Toujours des chaînes de monticules et des ravins remplis d'eau dont la traversée nous épuise. Une fois couchés dans nos sacs, bien au chaud, nous oublions vite les souffrances et les fatigues. Je suis si éreinté que je chancelle sur mes ski; lorsque je tombe, je voudrais rester couché où je suis.
8 mai.—Les canaux ouverts à travers la banquise paraissent tous orientés, parallèlement entre eux, du nord-est à l'ouest-sud-ouest (du compas), c'est-à-dire, perpendiculairement à la direction que nous suivons.
A notre grande joie, la glace semble devenir plus unie aux approches de la terre, alors que nous redoutions précisément le contraire. Le nombre des chiens diminuant de jour en jour, le halage est de plus en plus pénible. Je n'ai plus que quatre bêtes à mon traîneau.

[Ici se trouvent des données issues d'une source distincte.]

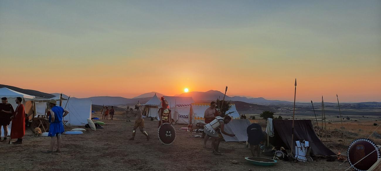 We must acknowledge that modern re-enactors are generally the wrong size and shape to fit surviving examples of armour. Most re-enactors are considerably older than the troops who fought at Plataea, and our modern western diet is very different to their barley based daily ration. This means little can be extrapolated in terms of calorie or water consumption during the 2022 event, but most of us lost weight while eating and drinking everything that came our way. The event was held during a period of intense heat, the countryside was tinder dry and fires were not allowed. Few participants felt like eating hot food, but fires would have served to keep the flying insects away. The surrounding wind turbines re-enforced the message that global warming was now a serious issue. Around half the attendees camped in mess groups on the battlefield, gently acclimatising to extreme weather conditions over the course of the event. A variety of styles of tent were on display, including two goat skin leather tarpaulins. When needed doors could be constructed using baskets, shields, and leather skins.

10 mai.—Température −8°,8. Hier, la glace était plane; au départ nous espérions donc faire bonne route, lorsqu'une tourmente de neige s'est levée et nous a brutalement obligés à camper.
Aujourd'hui, après quelques heures de clair soleil et de ciel bleu, chute de neige abondante, et temps «bouché».
A chaque pas, des chaînes de blocs soulevés par les pressions. Par la brume, impossible de trouver la route au milieu de ce dédale
12 mai.—Notre second sac de pain sera bientôt vide, et jamais la terre n'apparaît! Plus que douze chiens dont les forces diminuent de jour en jour!
A mesure que nous avançons, la banquise devient de plus en plus difficile. La glace est maintenant recouverte de neige qui ne porte pas. A chaque instant, lorsque l'on quitte les ski pour pousser les traîneaux, on tombe dans quelque trou, masqué par cette couche trompeuse.
Aujourd'hui la température est relativement élevée; la nuit dernière, la chaleur dans le sac de couchage m'a empêché de dormir. Minimum −14°,2′.
16 mai.—L'anniversaire de la naissance de Johansen. Nous fêtons ce jour avec toute la solennité que comportent nos moyens. Au dîner, ragoût, le mets favori de mon camarade; comme dessert un excellent grog au jus de citron.